_What to work on_:
The whole listing below is to be copied exactly, with every picture left out.

=== Dataset excerpt ===

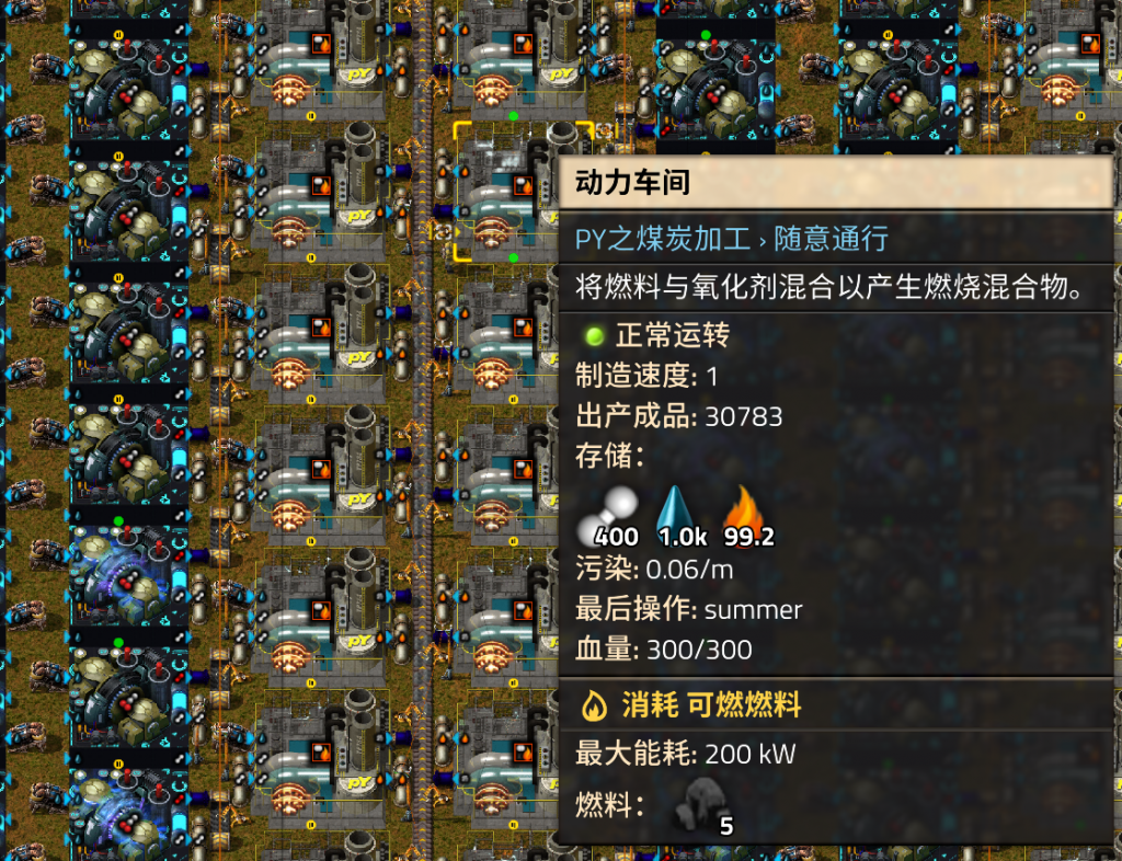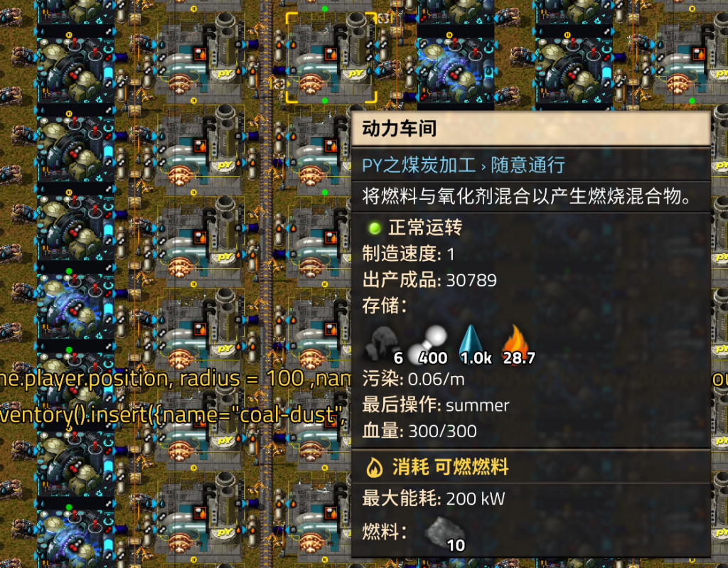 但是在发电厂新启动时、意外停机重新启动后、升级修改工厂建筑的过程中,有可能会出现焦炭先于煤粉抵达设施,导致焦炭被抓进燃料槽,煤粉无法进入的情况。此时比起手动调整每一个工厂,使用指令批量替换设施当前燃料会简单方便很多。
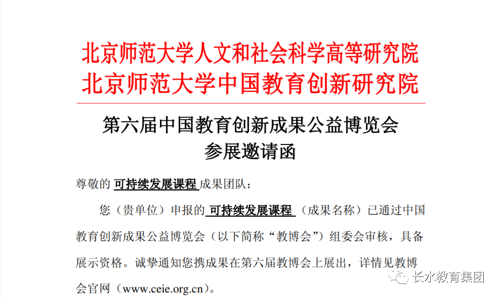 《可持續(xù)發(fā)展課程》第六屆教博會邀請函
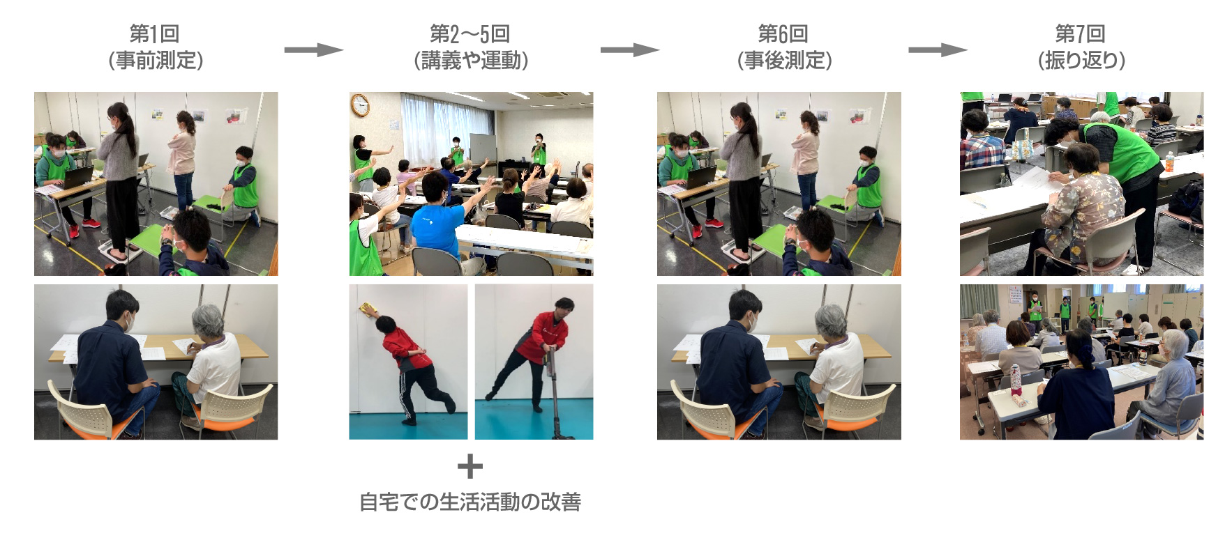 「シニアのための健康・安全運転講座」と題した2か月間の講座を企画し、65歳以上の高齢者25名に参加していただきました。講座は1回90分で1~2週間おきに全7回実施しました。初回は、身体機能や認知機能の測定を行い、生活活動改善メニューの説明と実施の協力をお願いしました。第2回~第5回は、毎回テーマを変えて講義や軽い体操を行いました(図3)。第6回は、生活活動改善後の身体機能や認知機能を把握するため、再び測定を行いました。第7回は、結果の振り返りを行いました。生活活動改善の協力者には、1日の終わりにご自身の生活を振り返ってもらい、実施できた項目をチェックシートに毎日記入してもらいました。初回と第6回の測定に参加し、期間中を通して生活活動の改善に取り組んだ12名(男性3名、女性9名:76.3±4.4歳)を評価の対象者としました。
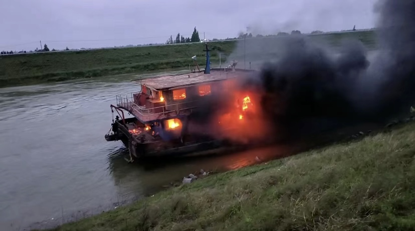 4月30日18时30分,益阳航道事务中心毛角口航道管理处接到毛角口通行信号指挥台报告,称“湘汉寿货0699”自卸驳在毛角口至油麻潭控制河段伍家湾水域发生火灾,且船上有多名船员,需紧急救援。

===

_Response for this exercise_:
 但是在发电厂新启动时、意外停机重新启动后、升级修改工厂建筑的过程中,有可能会出现焦炭先于煤粉抵达设施,导致焦炭被抓进燃料槽,煤粉无法进入的情况。此时比起手动调整每一个工厂,使用指令批量替换设施当前燃料会简单方便很多。
 《可持續(xù)發(fā)展課程》第六屆教博會邀請函
 「シニアのための健康・安全運転講座」と題した2か月間の講座を企画し、65歳以上の高齢者25名に参加していただきました。講座は1回90分で1~2週間おきに全7回実施しました。初回は、身体機能や認知機能の測定を行い、生活活動改善メニューの説明と実施の協力をお願いしました。第2回~第5回は、毎回テーマを変えて講義や軽い体操を行いました(図3)。第6回は、生活活動改善後の身体機能や認知機能を把握するため、再び測定を行いました。第7回は、結果の振り返りを行いました。生活活動改善の協力者には、1日の終わりにご自身の生活を振り返ってもらい、実施できた項目をチェックシートに毎日記入してもらいました。初回と第6回の測定に参加し、期間中を通して生活活動の改善に取り組んだ12名(男性3名、女性9名:76.3±4.4歳)を評価の対象者としました。
 4月30日18时30分,益阳航道事务中心毛角口航道管理处接到毛角口通行信号指挥台报告,称“湘汉寿货0699”自卸驳在毛角口至油麻潭控制河段伍家湾水域发生火灾,且船上有多名船员,需紧急救援。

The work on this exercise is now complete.